The player who eventually earned a first team slot on the NFL’s 50th anniversary team, wasn’t even drafted. Instead, Tunnel “hitched a ride with a banana truck driver,” according to this biography, and just showed up outside the Giants’ facility.

“Never heard of you,” then coach Steve Owen said, according to this New York Times article. 

Tunnell ended up impressing the entire staff, including Coach Lombardi, who brought Tunnell with him when he came to Green Bay and used him as a player/coach/scout for the next three years.

Kramer recalled a specific play that let everyone who might have wondered if the 10-year veteran still had the chops for the game when he followed Coach Lombardi to Green Bay know where he stood.

“He’s a safety. He’s playing in the preseason and Stan Jones, a big offensive guard for the Chicago Bears, pulls out of the line and he’s kind of out in the open spaces by himself getting ready to turn the corner. Em gives him a forearm and knocks him colder than a cucumber. I mean, Wow! He knocked him cold. I don’t think I’d ever seen that before,” Kramer said.

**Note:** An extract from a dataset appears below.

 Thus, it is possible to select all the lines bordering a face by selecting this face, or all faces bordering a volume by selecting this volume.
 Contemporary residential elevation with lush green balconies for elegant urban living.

“Em was a spectacular human being. A nice man. A really decent human being but you didn’t want to mess with him. He could bring it.”

Note: I was going to write about Emlen Tunnell being honored by the Coast Guard, but then I called Jerry Kramer and he got to talking and I realized Emlen’s impact on the NFL was a story all by itself. But, I encourage you to read about Emlen Tunnell, the genuine American war hero here.)

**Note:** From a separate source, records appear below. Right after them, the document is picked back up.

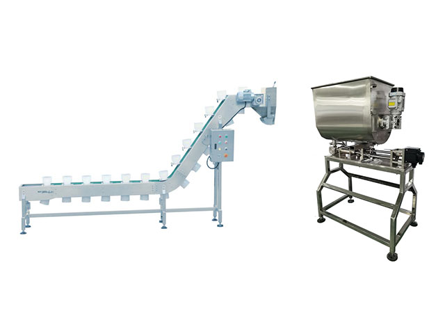 這套設(shè)備是人工稱(chēng)重+碗式提升機(jī)+給袋式包裝機(jī)+灌裝機(jī)組合而成。
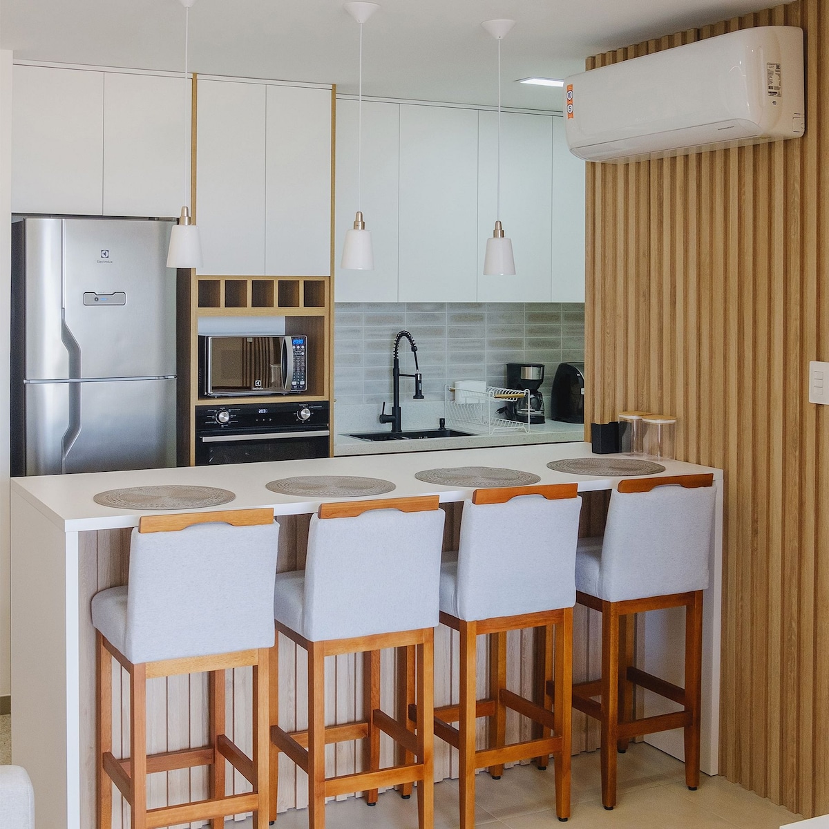 Profitez de cet endroit unique et calme pour vous détendre. Appartement avec un environnement intérieur élégant et pratique. Le logement est climatisé(climatisation partagée), offrant un plus grand confort à votre hosepdagem. La cuisine dispose d'une table de cuisson, d'un réfrigérateur, d'un four à micro-ondes, de casseroles, d'un mixeur, d'une cafetière et d'autres ustensiles de cuisine pour faciliter la préparation de vos repas. Nous avons une douche électrique, une télévision connectée avec des chaînes ouvertes et fermées et Wi-Fi. En plus d'un balcon avec une vue fantastique sur la piscine.
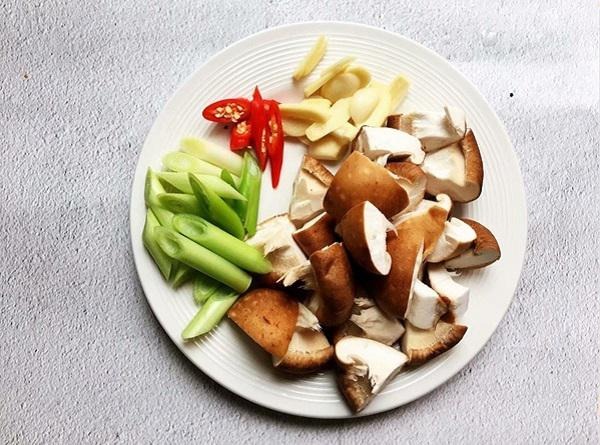 - Bước 2: Nấm hương rửa sạch thái nhỏ; gốc hành thái khúc, tỏi và ớt xắt lát.

Emlen Tunnell came to Green Bay with Coach Lombardi in 1959 following a storied career with the Giants. He worked as a player/coach/scout for the Packers and then returned to the Giants, where he worked in various jobs on the coaching staff until he died, at age 50, from a heart attack. (I borrowed this picture from the Packers. You can find it and a great article by Clif Christl regarding race and the 1960’s Packers here.)
And I don’t need to tell you how much Jerry Kramer, pictured here in 2006 with Fuzzy Thurston, my mom and my daughter Katherine, means to our family and, frankly, to the whole Packer family. we’re very lucky to have such an eloquent story teller around to keep those Glory Years alive.